What to do. The line with "У активистов Майдана", the line with "CES 2017, we", and all lines between them in the material below: return these exactly, and no others.

Records for the exercise.
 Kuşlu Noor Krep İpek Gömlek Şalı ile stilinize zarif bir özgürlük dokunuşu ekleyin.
==
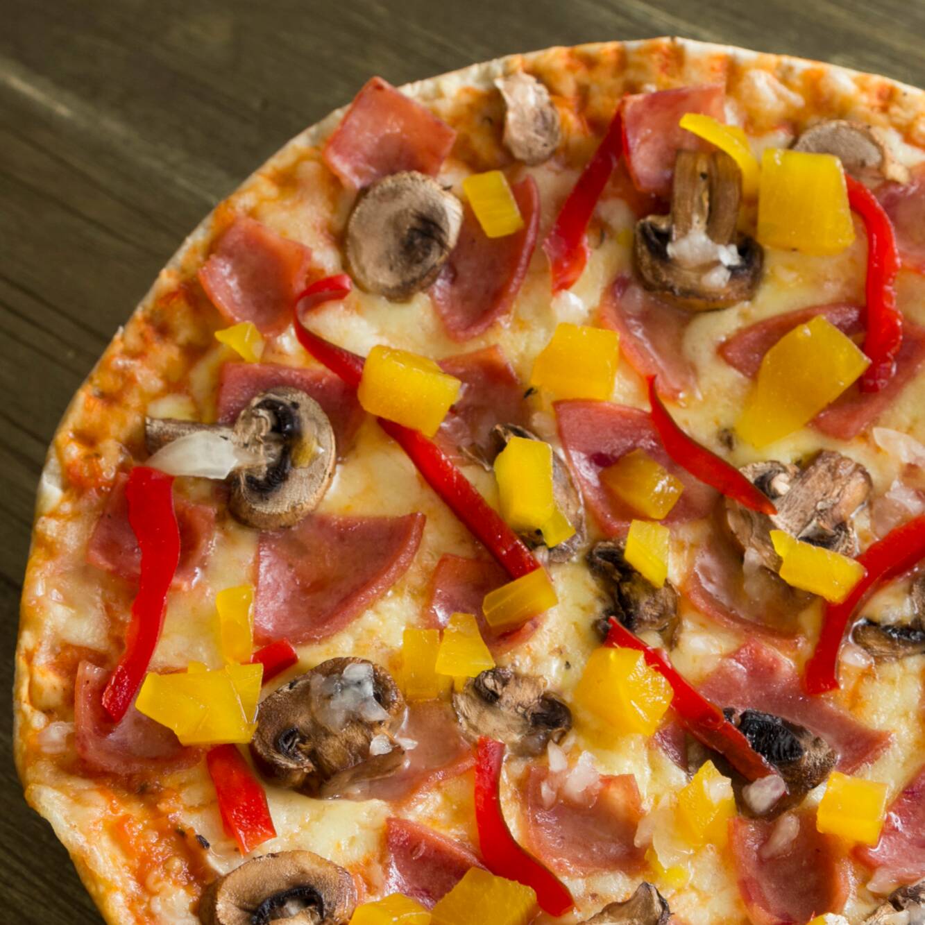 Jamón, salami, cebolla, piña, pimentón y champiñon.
--
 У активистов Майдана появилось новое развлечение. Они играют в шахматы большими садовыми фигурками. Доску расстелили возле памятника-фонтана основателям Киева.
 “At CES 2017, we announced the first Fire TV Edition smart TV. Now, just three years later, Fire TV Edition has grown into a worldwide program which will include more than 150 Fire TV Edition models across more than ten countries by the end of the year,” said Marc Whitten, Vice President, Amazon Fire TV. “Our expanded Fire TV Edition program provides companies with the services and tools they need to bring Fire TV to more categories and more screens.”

Solution to the exercise.
 У активистов Майдана появилось новое развлечение. Они играют в шахматы большими садовыми фигурками. Доску расстелили возле памятника-фонтана основателям Киева.
 “At CES 2017, we announced the first Fire TV Edition smart TV. Now, just three years later, Fire TV Edition has grown into a worldwide program which will include more than 150 Fire TV Edition models across more than ten countries by the end of the year,” said Marc Whitten, Vice President, Amazon Fire TV. “Our expanded Fire TV Edition program provides companies with the services and tools they need to bring Fire TV to more categories and more screens.”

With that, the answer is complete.